[Items from a data source]
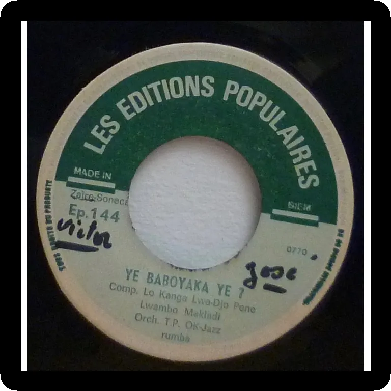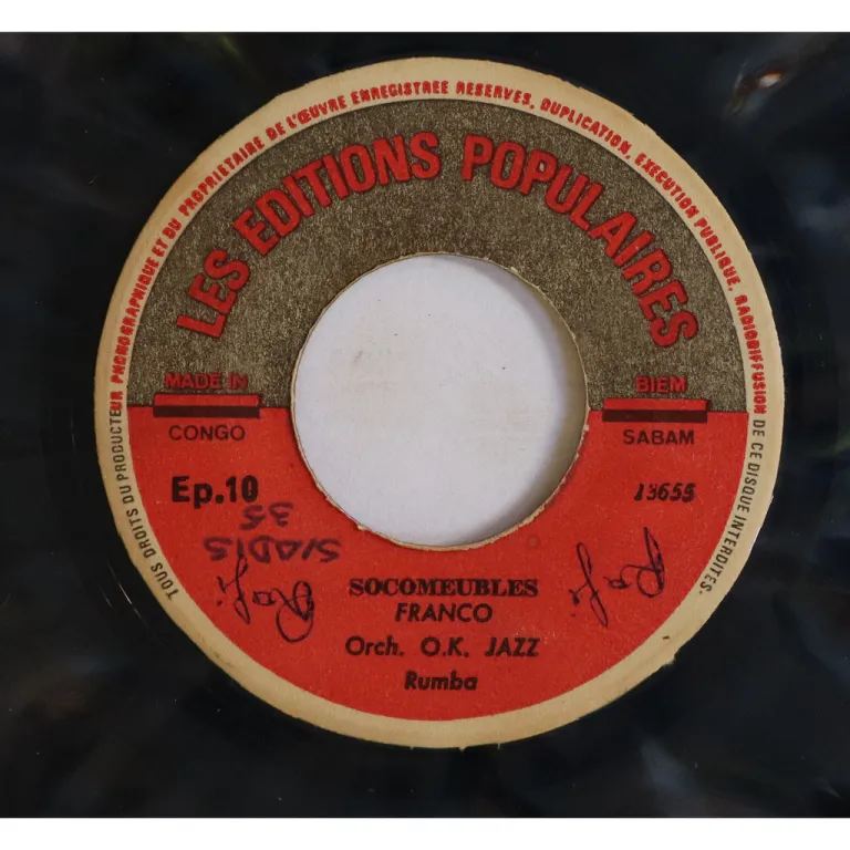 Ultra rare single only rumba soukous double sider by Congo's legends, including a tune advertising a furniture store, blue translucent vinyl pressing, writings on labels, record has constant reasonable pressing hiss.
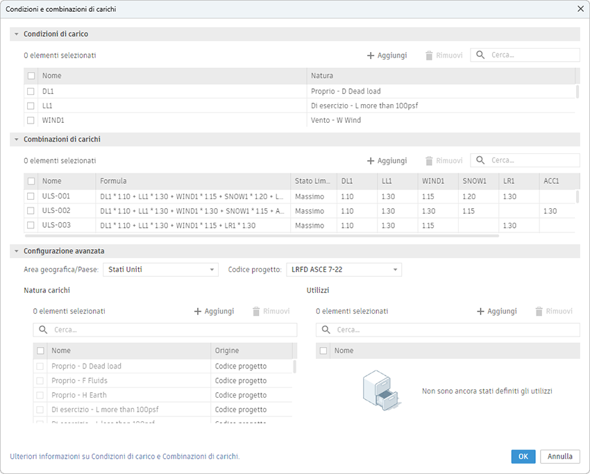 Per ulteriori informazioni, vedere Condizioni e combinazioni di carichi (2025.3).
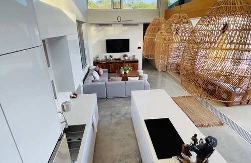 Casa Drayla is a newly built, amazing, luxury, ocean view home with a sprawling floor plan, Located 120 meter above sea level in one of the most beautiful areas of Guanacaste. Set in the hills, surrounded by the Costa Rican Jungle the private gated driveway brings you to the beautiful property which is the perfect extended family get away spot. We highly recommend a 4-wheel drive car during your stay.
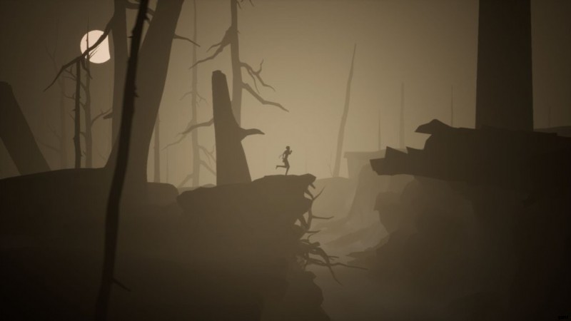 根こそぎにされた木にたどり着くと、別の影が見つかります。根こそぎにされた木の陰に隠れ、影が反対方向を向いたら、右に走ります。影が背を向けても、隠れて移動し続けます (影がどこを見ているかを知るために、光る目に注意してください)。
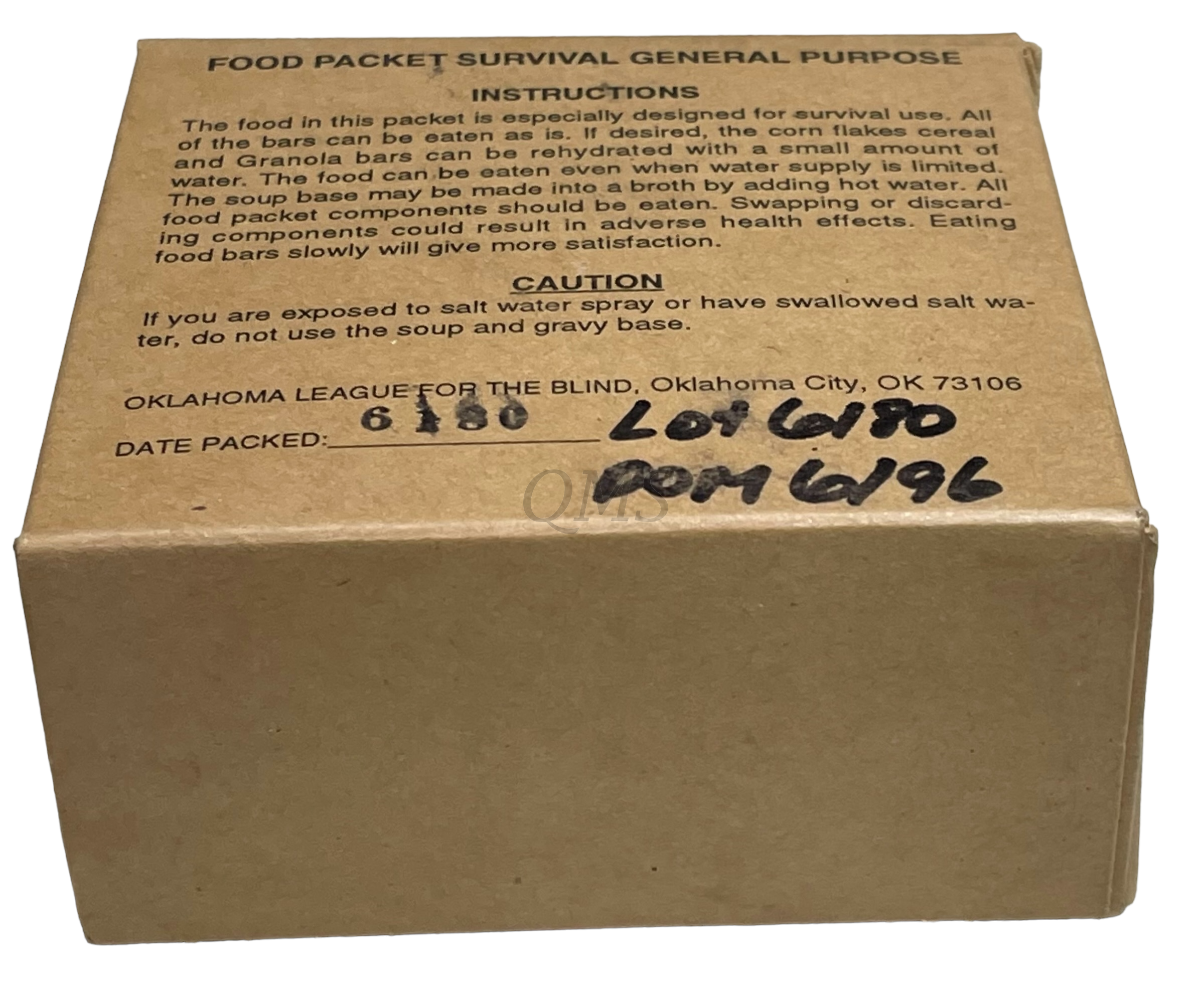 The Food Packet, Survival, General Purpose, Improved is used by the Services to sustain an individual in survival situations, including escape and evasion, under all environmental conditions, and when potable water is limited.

> **YOUR INSTRUCTIONS**:
Return each line of the data, keeping its wording exact and omitting pictures.

> **SOLUTION TO THE EXERCISE**:
 Ultra rare single only rumba soukous double sider by Congo's legends, including a tune advertising a furniture store, blue translucent vinyl pressing, writings on labels, record has constant reasonable pressing hiss.
 Per ulteriori informazioni, vedere Condizioni e combinazioni di carichi (2025.3).
 Casa Drayla is a newly built, amazing, luxury, ocean view home with a sprawling floor plan, Located 120 meter above sea level in one of the most beautiful areas of Guanacaste. Set in the hills, surrounded by the Costa Rican Jungle the private gated driveway brings you to the beautiful property which is the perfect extended family get away spot. We highly recommend a 4-wheel drive car during your stay.
 根こそぎにされた木にたどり着くと、別の影が見つかります。根こそぎにされた木の陰に隠れ、影が反対方向を向いたら、右に走ります。影が背を向けても、隠れて移動し続けます (影がどこを見ているかを知るために、光る目に注意してください)。
 The Food Packet, Survival, General Purpose, Improved is used by the Services to sustain an individual in survival situations, including escape and evasion, under all environmental conditions, and when potable water is limited.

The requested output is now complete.